Com esse rendimento expressivo, o desempenho faz jus a um SUV esportivo, apesar das 2,3 toneladas desta versão: 0 a 100 km/h em 4,9s e velocidade máxima de 210 km/h.

Entre os quatro “super-cérebros” da arquitetura eletrônica da Neue Klasse, o Heart of Joy (Coração da alegria, numa tradução ousada) cuida do trem de força e do gerenciamento da dinâmica do veículo. Ele responde por funções de transmissão, freios, recuperação de energia e direção, processando dados até 10 vezes mais rápido do que unidades de controle convencionais.

A BMW afirma ter feito o máximo para que cada ação no acelerador, no pedal de freio e na direção seja entregue de maneira muito direta, com segurança e precisão.

E sustenta que, no uso diário, 98% das manobras de frenagem poderão ser realizadas apenas com recuperação de energia - ou seja, sem acionar os freios por atrito (ainda assim, há discos ventilados nas quatro rodas).

Espaço e tecnologia digital

Por fora, chamam atenção os “rins” verticais da grade dianteira, esculpidos para remeter aos BMW dos anos 60. A nova assinatura luminosa passa a exercer um papel que antes era dos frisos cromados; e, na lateral, destacam-se as amplas áreas envidraçadas e as maçanetas embutidas e alinhadas à carroceria.

Com entre-eixos de praticamente 2,9 m, o interior acomoda cinco adultos com facilidade, sem grandes concessões. O porta-malas comporta de 520 litros a 1750 litros, e ainda há 58 litros adicionais sob o capô dianteiro.

No habitáculo de proposta minimalista, o painel recebe iluminação de fundo, adota revestimentos em tecido e é dominado por uma central multimídia de quase 15″. À esquerda dela, o novo volante aparece cheio de módulos de comando.

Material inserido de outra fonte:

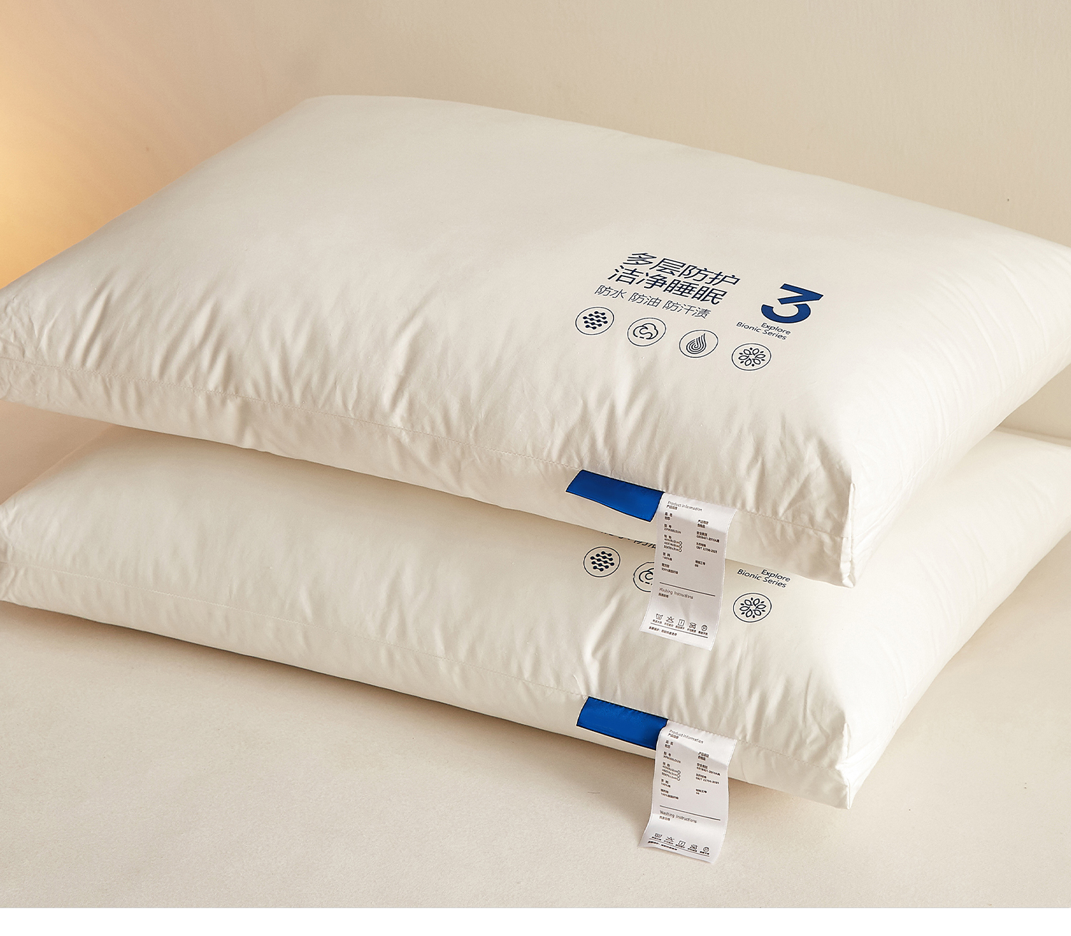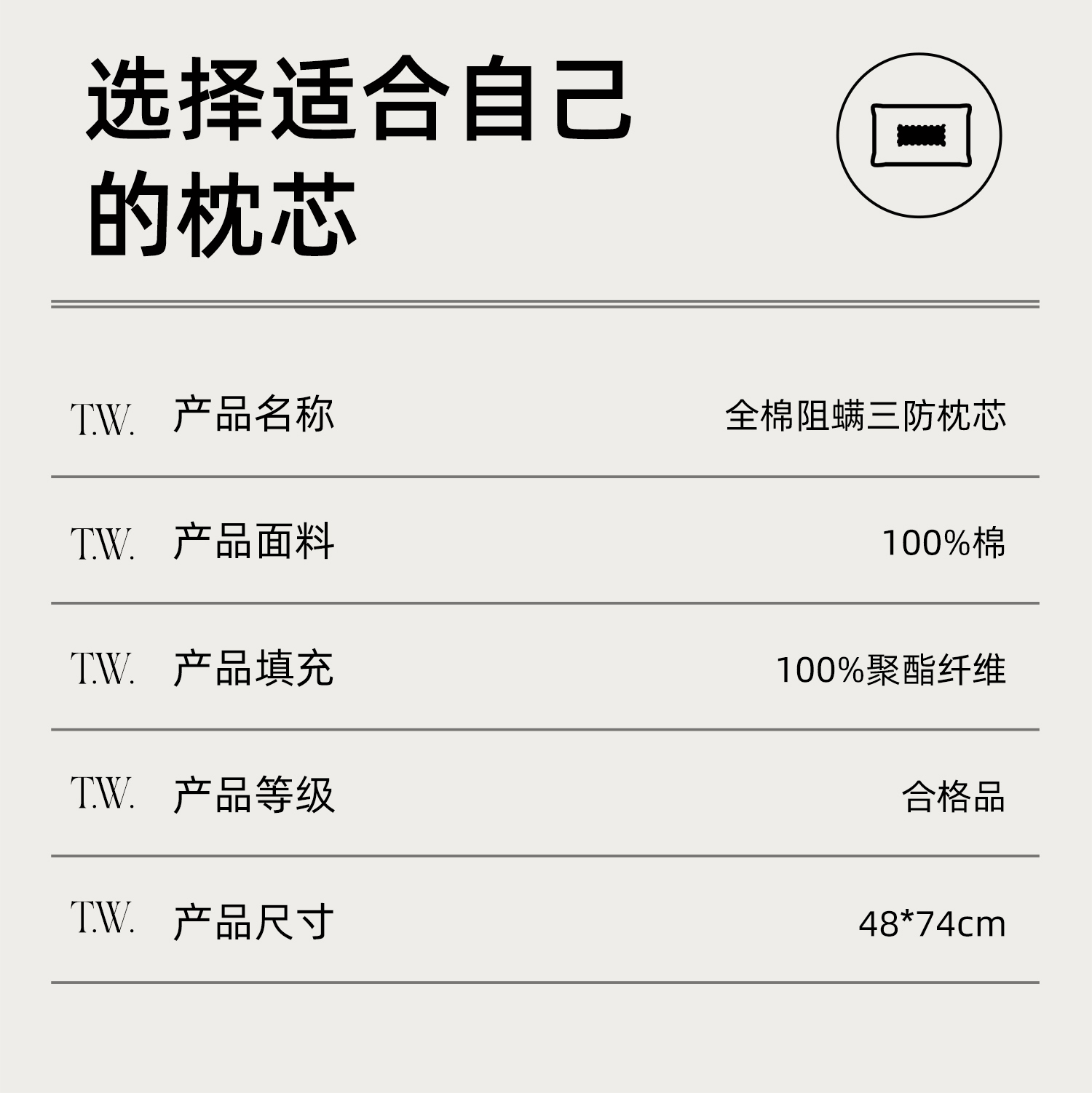 商品名称:小桃姐家纺 2026新款全棉纯棉三防枕枕头枕芯 全棉三防枕-低枕【一对装】

Como era de esperar, a BMW também mira uma nova geração de usuários ao introduzir um sistema operacional inédito a bordo. O conhecido iDrive sai de cena, assim como os controles tradicionais. O destaque técnico fica com o novo Panoramic iDrive: uma faixa digital que atravessa toda a largura da base do para-brisa e exibe, para todos os ocupantes, uma ampla variedade de informações.

Só que essa faixa na parte inferior do para-brisa é apenas o lado visível das mudanças. O conceito de telas e operação se apoia numa nova arquitetura eletrônica chamada “Sistema Operativo X”, baseada em Android. Essa solução não apenas deve facilitar a integração de apps de terceiros (como streaming de filmes e jogos), como também promete ajudar a manter o sistema sempre atualizado, independentemente do veículo e da plataforma.

Acima do BMW Panoramic iDrive, o Head-Up Display 3D (se especificado) agora também pode apresentar telas integradas de navegação e de condução automatizada na estrada, com profundidade espacial.

Posicionamento “por cima”

Naturalmente, uma das questões mais sensíveis para marcas premium à medida que entramos mais fundo na era dos carros exclusivamente elétricos é o preço pelo qual esses produtos conseguem ser vendidos.

O novo BMW iX3 50 xDrive tem chegada a Portugal prevista para a primavera do ano que vem. Ele será comercializado acima de 70 000 euros - e, mais adiante, virá uma versão menos potente e mais acessível. Com isso, terá desafios relevantes para se impor diante de uma concorrência liderada pelo Tesla Model Y e pelo contingente chinês, cujos preços são 30- 50% inferiores.